On a short study break, a classmate and I were discussing how the public health and health policy courses we took in graduate school influence our view of the healthcare system as medical students. It was the most productive form of procrastination (nerding out about public health and health policy) but it was also supremely frustrating to talk about all the problems in the healthcare system. The ACA was such a monumental step forward and now it seems like we’ve taken many steps back–only 34 states have expanded Medicaid, states are implementing work requirements for Medicaid, and Congressional Republicans have tried to repeal the ACA dozens of times with no real replacement or effort to fix the provisions that aren’t working well.
A survey published earlier this year reported that 40% of Americans skipped a recommended medical treatment and that 44% did not go to the doctor for an illness or injury because of cost. The survey also revealed that 30% of individuals had to choose between paying for medical care or basic necessities like food. These statistics reveal fundamental flaws in our $3.3 trillion healthcare system–most Americans do not believe they are receiving good value for their healthcare dollars and forgo important visits, tests, or treatments or they simply cannot afford the cost to begin with, value notwithstanding.

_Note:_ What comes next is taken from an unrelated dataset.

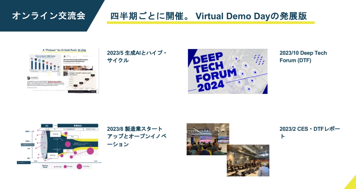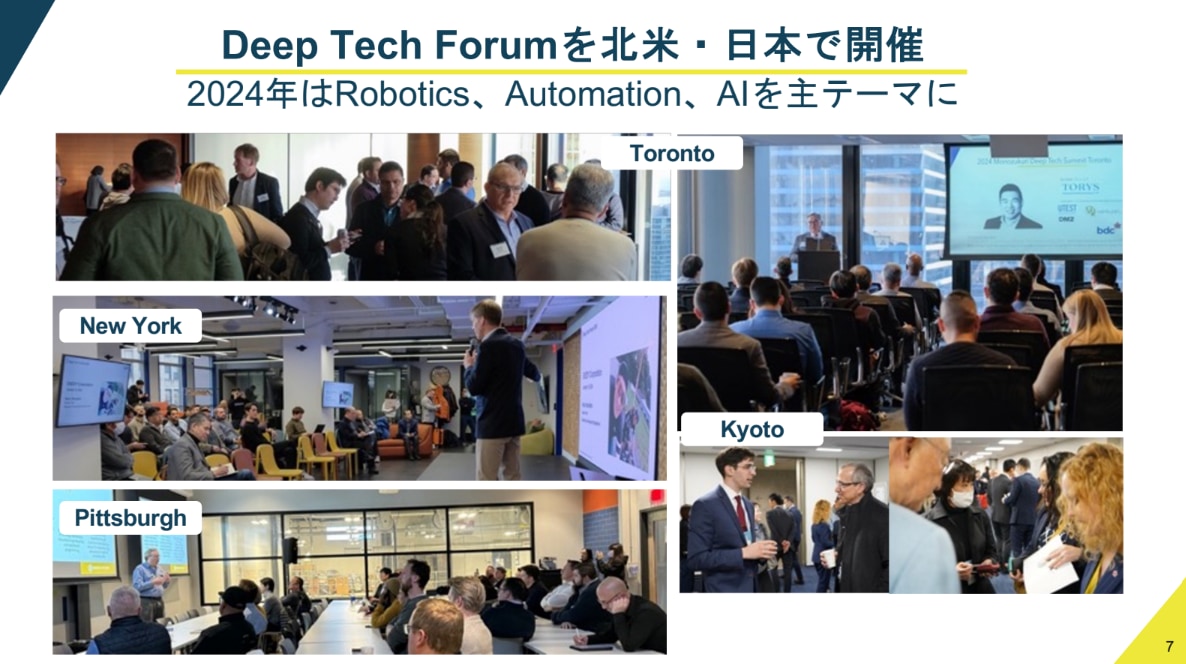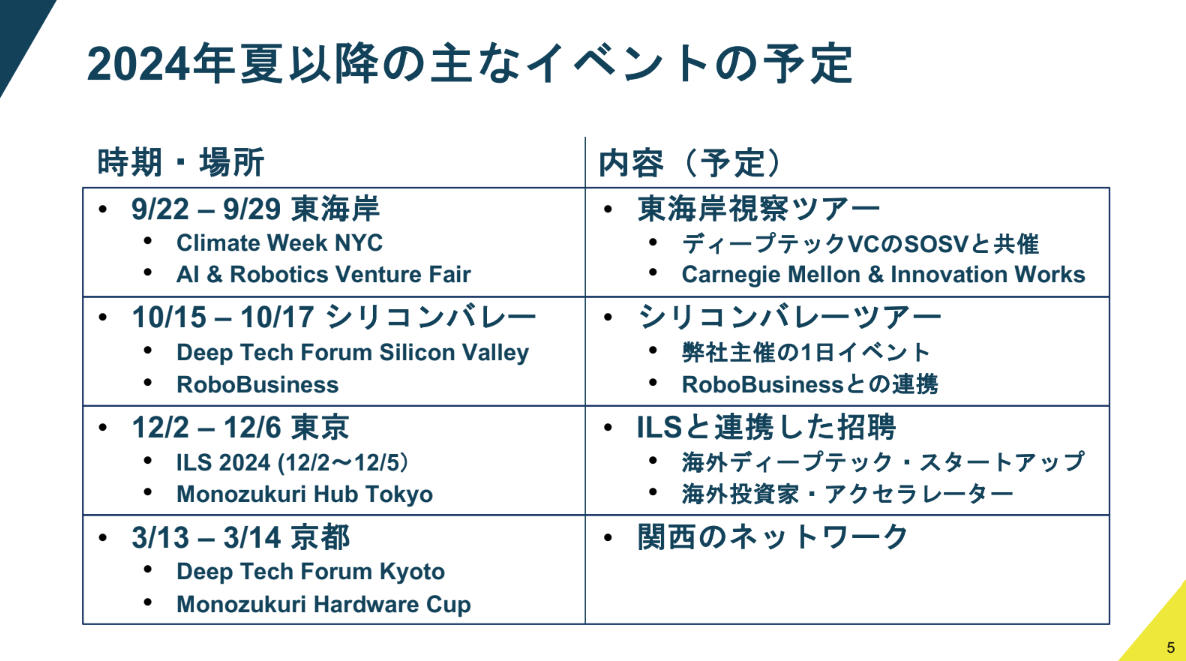 2024年の夏以降、以下のようなイベントを予定しています。 9月 9月22日〜29日: アメリカ東海岸で開催される「Climate Week NYC」と「AI & Robotics Venture Fair」にあわせて、視察ツアーを実施予定です。 10月 10月15日〜17日: シリコンバレーで「Deep Tech Forum」を開催します。10月15日にフォーラムを行い、16日と17日には「RoboBusiness」との連携イベントを予定しています。 このイベントは、5月にボストンで開催された「Robotics Summit & Expo」の主催者が西海岸で開催するものです。 12月 12月2日〜5日: 東京の虎ノ門で「イノベーション リーダーズ サミット (ILS)」が開催されます。現在、このイベントの翌日にミートアップを予定していますが、詳細はまだ調整中です。ILS期間中や前後に開催する可能性もあります。主に海外のスタートアップや投資家、アクセラレーターを招待し、東京での交流を促進します。 2025年3月 2025年3月13日〜14日: 京都で「Deep Tech Forum Kyoto」を開催します。今年と同様に「Monozukuri Hardware Cup」も同時に実施します。関西のネットワークを活用してイベントを展開する予定です。 これらのイベントを通じて、スタートアップと投資家、大企業との交流を深め、協業の機会を創出していきます。

There are bright minds across the U.S. working on solutions to the affordability and value crises of our healthcare system–and medical students should be involved now to ensure they have the vocabulary and context to participate in the future. Doctors interact (directly or indirectly) with health policy issues every day–medications must be checked against formularies, certain tests might not be covered by an insurance plan, or the specialist you want to refer to does not accept your patient’s insurance.
Very few students enter medical school with a Master of Public Health and most enter without a working knowledge of how health policy is crafted at a governmental level. While we all hopefully know the three branches of government and their functions, the development and implementation of health policy is vast and complex. If we are expected to contribute to the U.S. health care system as students, researchers, educators, and innovators, shouldn’t we be given, at a minimum, a basic working knowledge of that system? Yes, some of the rules and regulations might be different by the time we start practicing and our speciality might impact what policies influence our daily practice more, but every single one of us, not just dual MD-MPH students, should know how federal, state, and local governments craft health policy; the basics of major health care programs; and the importance of social determinants of health.
I’m hopeful that innovative changes like the Clinical Public Health curriculum at George Washington University (my MPH alma mater) or Penn State’s Science of Health Systems course will soon become the norm in medical schools around the country. To assist in this endeavor, the American Medical Association supports member schools in the Accelerating Change in Medical Education consortium. In addition to supporting the Penn State curriculum change, the AMA consortium also features efforts to integrate health systems science and health policy from Eastern Virginia Medical School, the University of Michigan, and Brown University.
Every medical student should be exposed to public health and health policy just as we are instructed in communication, empathy, and diagnostic skills. But until that time comes, we’ll be here as often as we can, giving you the health policy basics and then some!